* [Problem requirements]: Reproduce, character for character, the lines below from the first through the one with "我们在来看下,行业龙头公司先". Leave pictures out.
[Data for analysis Boundary: Start]
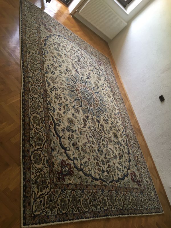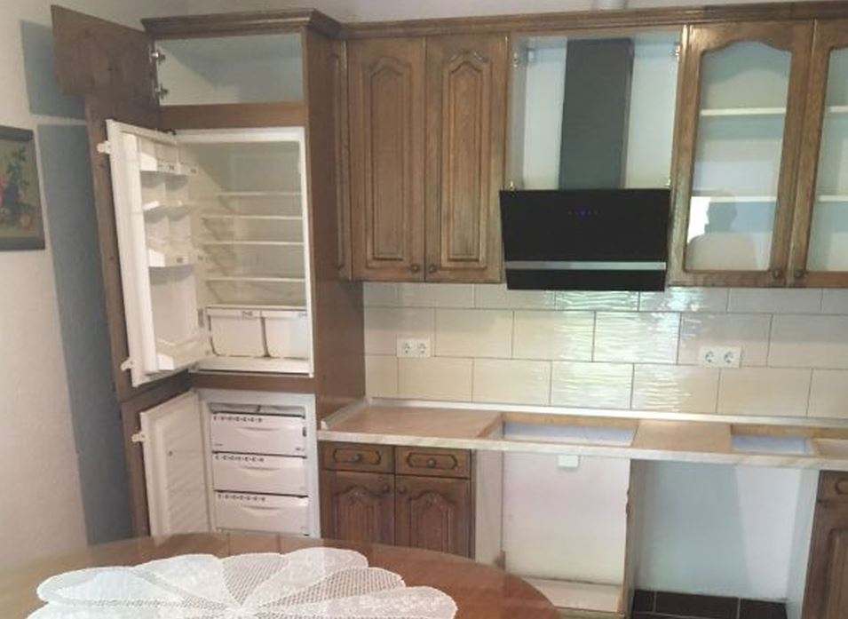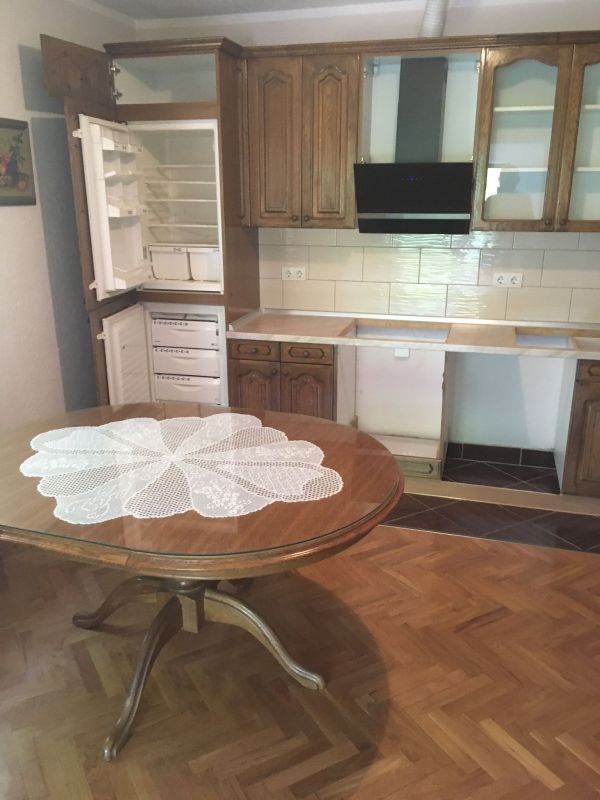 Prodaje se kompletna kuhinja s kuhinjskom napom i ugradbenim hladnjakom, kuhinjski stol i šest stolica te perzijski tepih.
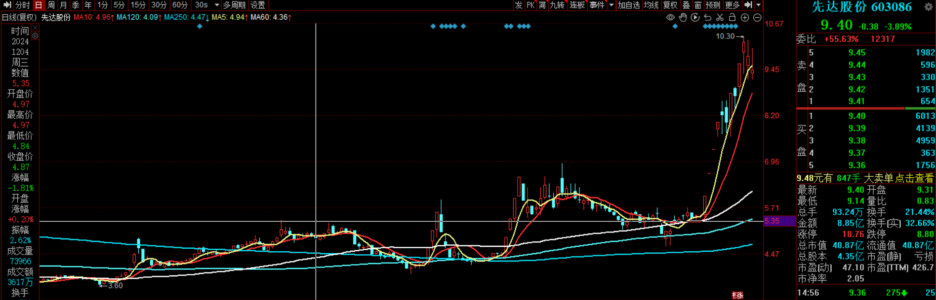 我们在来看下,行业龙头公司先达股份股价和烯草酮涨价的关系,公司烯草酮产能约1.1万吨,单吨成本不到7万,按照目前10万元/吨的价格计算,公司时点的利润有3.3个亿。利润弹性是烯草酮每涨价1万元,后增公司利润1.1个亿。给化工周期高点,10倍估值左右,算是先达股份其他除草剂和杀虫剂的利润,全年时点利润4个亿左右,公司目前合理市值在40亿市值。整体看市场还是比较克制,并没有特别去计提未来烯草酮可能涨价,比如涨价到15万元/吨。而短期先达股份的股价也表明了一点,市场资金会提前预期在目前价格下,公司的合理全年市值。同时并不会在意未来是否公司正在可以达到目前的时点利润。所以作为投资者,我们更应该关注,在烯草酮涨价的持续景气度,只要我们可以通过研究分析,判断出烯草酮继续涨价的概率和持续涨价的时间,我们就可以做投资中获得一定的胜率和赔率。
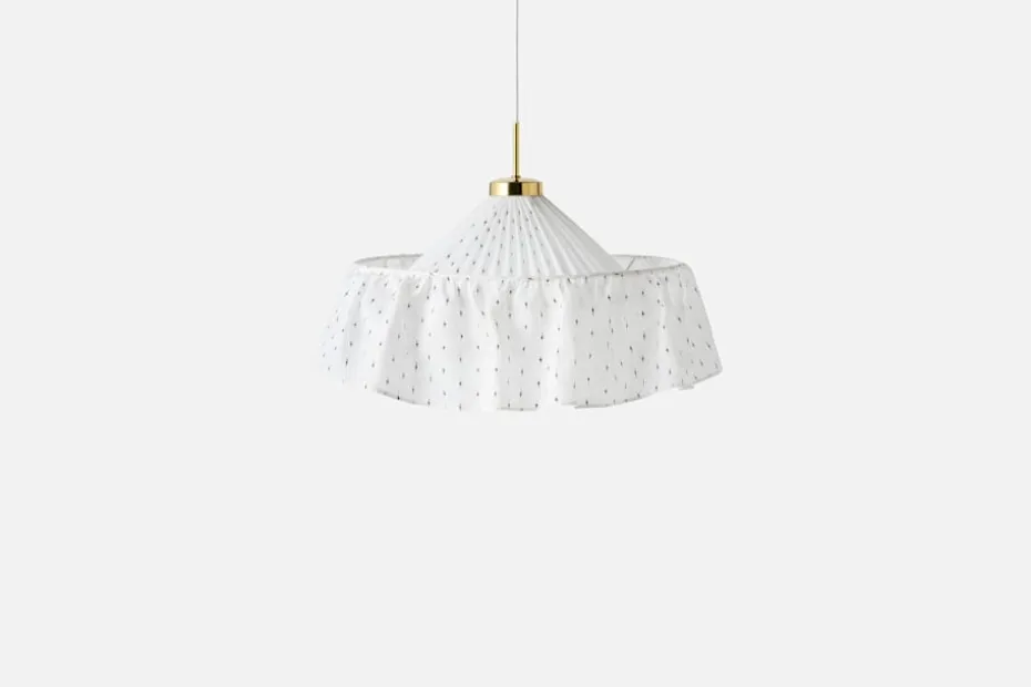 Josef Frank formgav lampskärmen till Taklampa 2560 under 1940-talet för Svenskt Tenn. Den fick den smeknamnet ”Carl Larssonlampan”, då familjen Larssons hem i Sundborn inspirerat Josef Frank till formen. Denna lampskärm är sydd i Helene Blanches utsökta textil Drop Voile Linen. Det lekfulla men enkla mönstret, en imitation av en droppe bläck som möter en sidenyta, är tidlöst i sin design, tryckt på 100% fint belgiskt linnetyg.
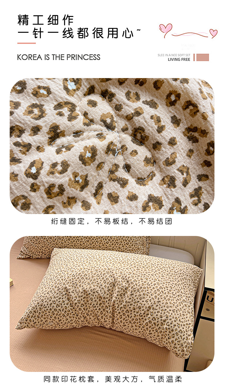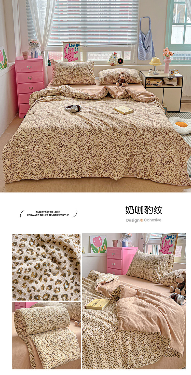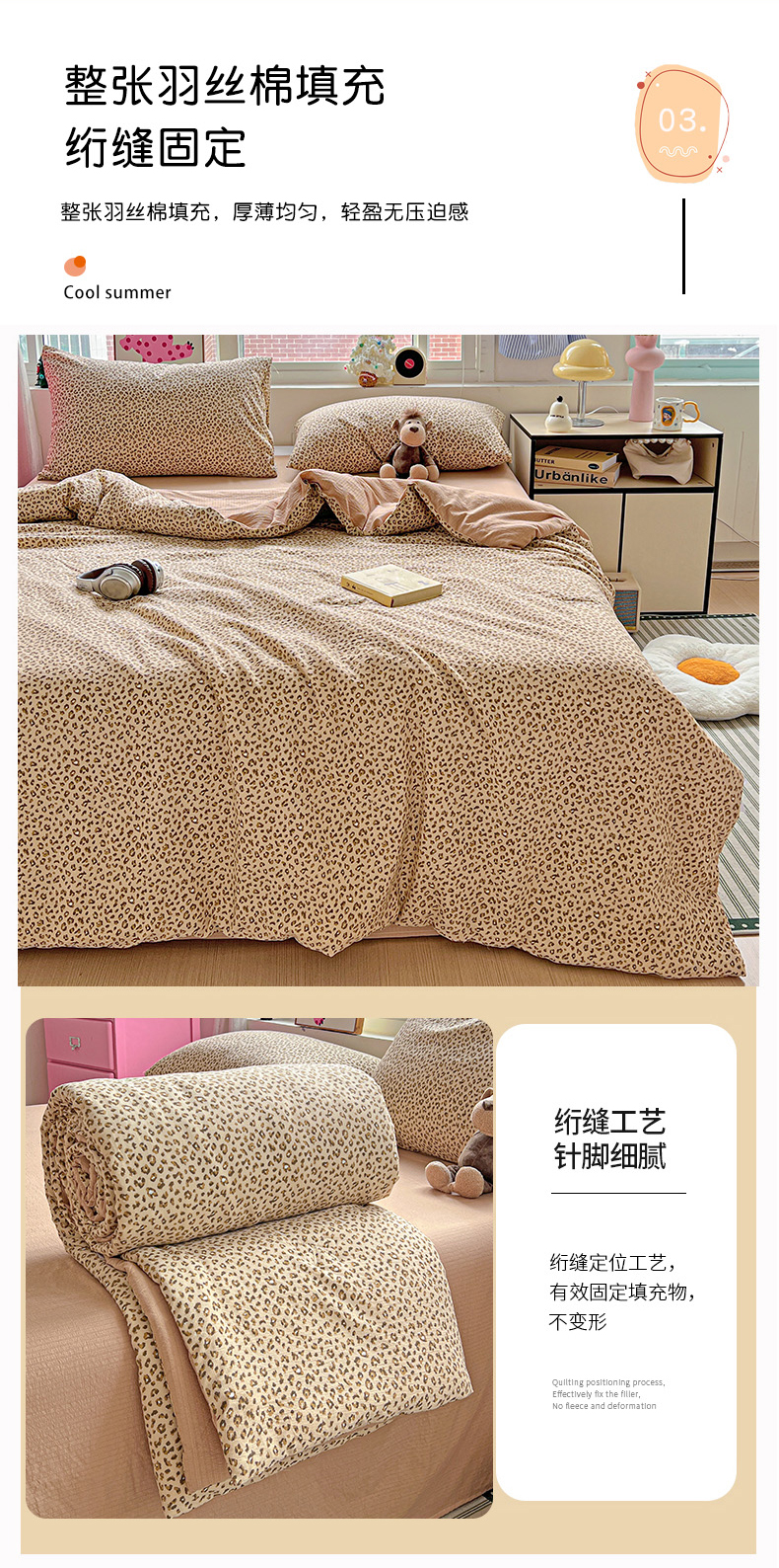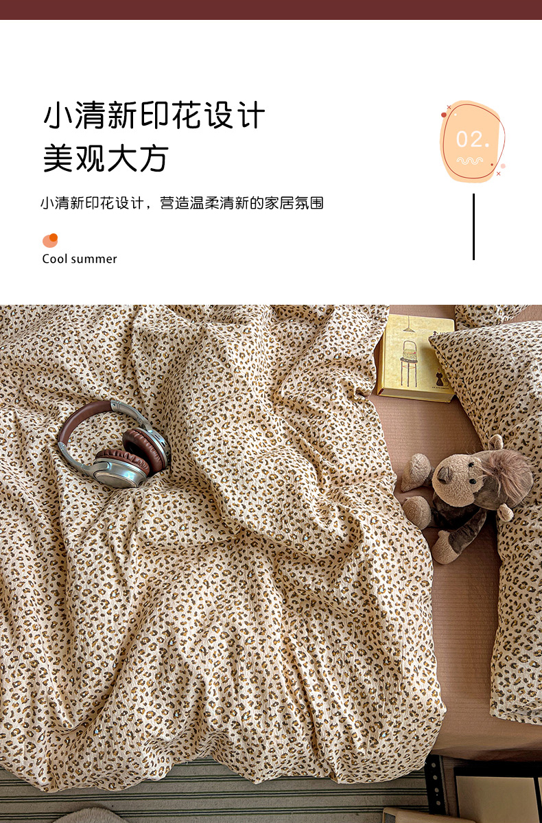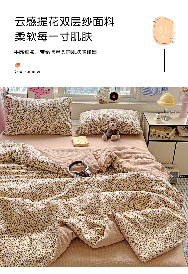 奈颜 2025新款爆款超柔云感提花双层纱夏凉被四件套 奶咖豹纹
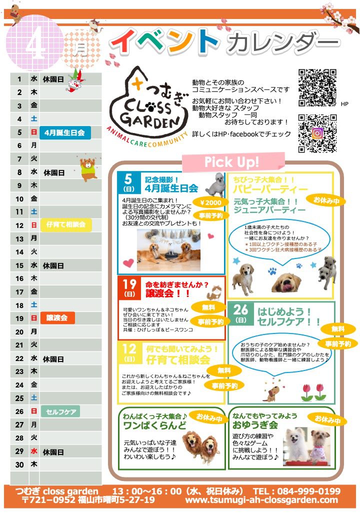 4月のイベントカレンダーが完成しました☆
[Data for analysis Boundary: End]
* [Solution to this task]:
 Prodaje se kompletna kuhinja s kuhinjskom napom i ugradbenim hladnjakom, kuhinjski stol i šest stolica te perzijski tepih.
 我们在来看下,行业龙头公司先达股份股价和烯草酮涨价的关系,公司烯草酮产能约1.1万吨,单吨成本不到7万,按照目前10万元/吨的价格计算,公司时点的利润有3.3个亿。利润弹性是烯草酮每涨价1万元,后增公司利润1.1个亿。给化工周期高点,10倍估值左右,算是先达股份其他除草剂和杀虫剂的利润,全年时点利润4个亿左右,公司目前合理市值在40亿市值。整体看市场还是比较克制,并没有特别去计提未来烯草酮可能涨价,比如涨价到15万元/吨。而短期先达股份的股价也表明了一点,市场资金会提前预期在目前价格下,公司的合理全年市值。同时并不会在意未来是否公司正在可以达到目前的时点利润。所以作为投资者,我们更应该关注,在烯草酮涨价的持续景气度,只要我们可以通过研究分析,判断出烯草酮继续涨价的概率和持续涨价的时间,我们就可以做投资中获得一定的胜率和赔率。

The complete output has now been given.